I would enjoy the next two days of golf more if the two were going at it in the same group. Still, in the long term, I think this move is better for the rivalry. If the USGA went over the Mad Scientist’s head and placed them together, we would watch them play golf, and we would make jokes and laugh. But not much of substance would happen; it would probably be pretty standard weekday golf, with few taunts. It would lack the intensity we crave in this matchup, as their main competition would not be the other, but the rest of the 144 man field.
I desperately want a Brooks/Bryson pairing on the weekend, preferably a Sunday.

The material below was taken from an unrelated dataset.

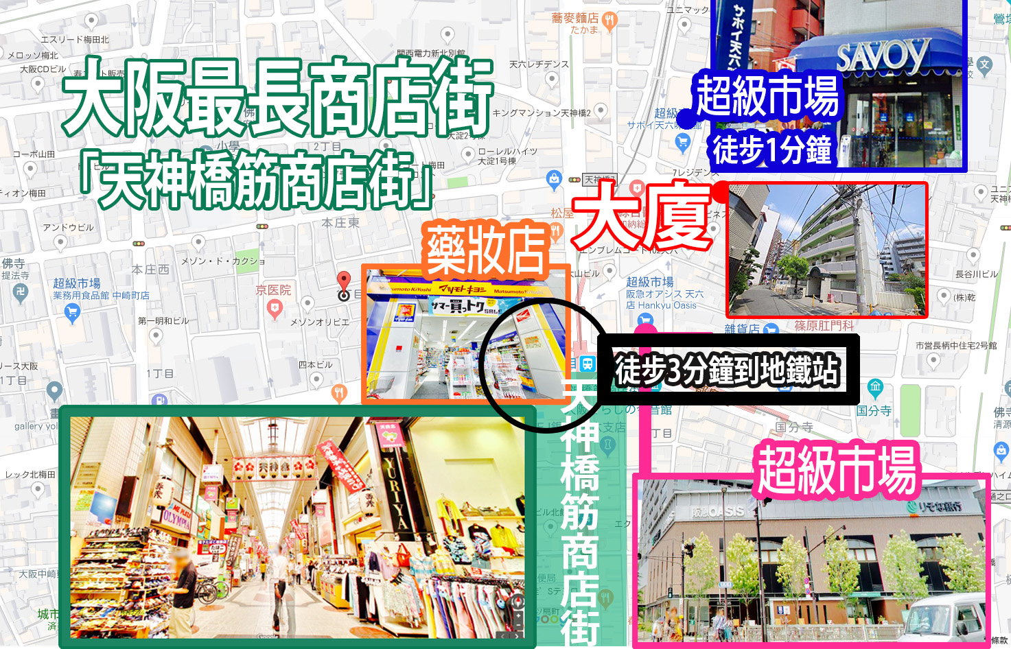 - 站旁是日本最長的商店街「天神橋筋商店街」,店鋪林立,生活便利;

That way, it will not just be two guys playing golf together who hate each other, a common occurrence in the business sector. It’ll be two guys playing golf together who hate each other, who recognize that exactly one of them can win the US Open, cranking the intensity and loathing as far as they can go.
We may have to wait a while for a Bryson/Brooks final pairing, especially in a major, and especially especially in a US Open. Until then, we’ll have to come up with some more ideas for how Bryson and Brooks can duke it out with maximum vigor:
-See paragliding idea. No, I’m not just copying other theories from my column to save time, not sure what you’re talking about. I’m simply maximizing efficiency
-An oldie (not really, it’s a fairly new innovation) but a goodie - PPV boxing match that 90% of viewers will pirate
-Call up Fernando Tatis, the coolest person in San Diego, and ask him who’s better
-See who would win a game of Connect Four if there’s a Saturday rain delay. Both would suck at the game. Brooks because he wouldn’t be focusing on the board, he’d be checking his phone, chatting with somebody, or making fun of DeChambeau. Bryson for the opposite reason, because he’d be overly focused - rather than see all of the happenings, he’d zero in on his move, completely forgetting about Koepka’s actions
-PGA Tour 2K21. Both would hate the game, but be excellent about it. Bryson would wail about how he can’t slurp protein shakes and hit 600 yard drives, but take advantage of the physics and mathematics one can use in such a game. Brooks would complain about how he can’t buy and use all the outfits on Day 1, but Brooks Koepka comes off as that friend you have who is freakishly good at video games
-Scratch all of these crazy concepts. I’ll settle for a final pairing at the US Open of Brooks Koepka and Bryson DeChambeau. Let’s just do that.
The list of big time threats has never been longer. The lack of an overwhelming favorite for each and every major has never been more apparent. And the barrage of storylines is whopping.
From Jon Rahm’s course history, but battle with COVID, to what is already golf’s greatest rivalry between Brooks Koepka and Bryson DeChambeau to Jordan Spieth and Rory McIlroy vying to return to the major winner’s circle, this US Open will have it all. Savor it. Guzzle every second of this final American major of 2020.